Seorang Ahli Sejarah & Budaya kemarin bercerita
pengalamannya telah mengunjungi 18 negara dan mengetahui setiap bahasa dari
negara tersebut serta betapa maju mereka.
Awalnya kami berkunjung untuk menanyakan sistem stratifikasi sosial pada
desa tempat kami meneliti karena ada keraguan pada data nama-nama bangsawan
yang kami dapatkan dari kantor Desa ,maka “pendapat kedua” yang ingin kami
dengarkan
.
Maka mulailah jelas titik bahwa rumah tradisional khusunya
suku Makassar ada yang diperuntukkan untuk kaum bangsawan yaitu orang-orang
yang berada pada garis keturunan langsung raja, seiring perkembangan zaman maka
kawin-mawin pun terjadi, 4 kriteria yang dapat mengawini/menikah dengan
keluarga raja adalah: 1. Karaeng
(bangsawan/keturunan raja), 2. Tukalumanyyang
(orang yang kaya raya), 3. Tucaradde (orang
pandai/berilmu) dan 4. Tubarania (pemberani/prajurit). Setelah
mereka mengawini keturunan raja maka mereka berhak membangun rumah dengan
singkap atap yang sama dengan golongan bangsawan yang saat ini di desa tersebut
menggunakan 3-5 singkap atap yang disebut timba
sila atau sambulayang.
Diskusi kami akhirnya melebar kesana-kemari, hal ini juga
karena kefahaman beliau tentang banyak hal (itu analisa saya), bahkan kami
berdiskusi dengan beberapa bahasa: Indonesia, Makassar, Bugis, Inggris dan
beberapa kata dalam bahasa Jepang.
Beberapa hal yang membekas "tidak ada orang yang sangat
hebat, kehebatan yg kita rasa saat ini tidaklah berarti apa dibandingkan mereka
di negeri sana yang 15 tahun lebih maju dari negeri kita, yang ada hanyalah
orang-orang yang tidak pernah berhenti berusaha dan menyadari potensi yang ia
miliki,"sekiranya seperti itu makna yang saya tangkap.
Kemudian beliau berkata lagi "untuk jadi pengajar/dosen
yang berkualitas hendaknya telah melihat dan merasakan bagaimana sistem
pendidikan di negara Maju diterapkan, bagaimana Potensi Alam dan Potensi
Manusia dijaga dan selalu di upgrade sehingga negara mereka selalu berkembang
tanpa pernah melupakan sejarah dan nilai-nilai kebudayaan yang luhur".

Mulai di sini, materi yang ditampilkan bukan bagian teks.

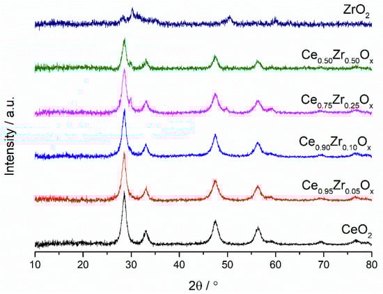 Powder XRD patterns of the ceria–zirconia mixed metal oxide catalysts prepared from carbonate precursors.

Sekali lagi saya mengangguk-angguk, luar biasa. Betapa tidak sebandingnya kita
dengan mereka-mereka di luar sana.
Satu hal yang semakin membuat saya berkata WOW....super
sekali (as like as Bpk.Mario Teguh). Beliaupun menyinggung sampai pada
spiritual hakiki/hakikat manusia. "Dalam Al-Quran terdapat ribuan ayat dan
sekitar 30% merupakan sebuah ilmu pengetahuan yang jika kita gali maka akan
kita ketahui hakikat penciptaan alam semesta ini. Pernahkah kamu mendengar atau
membaca tentang keberadaan Tuhan/Allah swt yang dikatakan berada di manapun?
jadi sebenarnya Tuhan itu di mana? apakah Tuhan membagi dirinya satupersatu
kepada setiap umat manusia tanpa terkecuali?" terangnya sembari
melemparkan beberapa pertanyaan. Saya bersama teman dan seorang guide hanya
mampu terdiam dengan pikiran masing-masing entah menyimpan jawaban tapi tak
ingin dekeluarkan karena takut salah atau mencoba menjadi pendegar setia, tapi
yang pasti kami menghormati beliau dengan tidak menyela dengan menyadari bahwa
kami tidak pakar pada bidang Filsafat, ahli Tafsi Hadits/Al-Quran, dsb. Meski
dalam hati saya mencoba menduga-duga ke arah mana pembicaraan ini akan
dibawanya. Perlu pembaca tau bahwa kami sedang berhadapan dengan seorang
Keturunan Bangsawan sekaligus Tokoh Masyarakat dari Sebuah desa yang terkenal
dengan komunitas Al-Aidid atau kaum Sayyid yang juga dikenal dengan acara Maudu
Lompoa-nya, sementara kami adalah mahasiswi yang berasal dari luar desanya dan
tidak termasuk dalam komunitas Al-Aidid. Laa uridu dzuudzon...Subhanallah
(Kesucian hanya milik Sang Penguasa Hidup).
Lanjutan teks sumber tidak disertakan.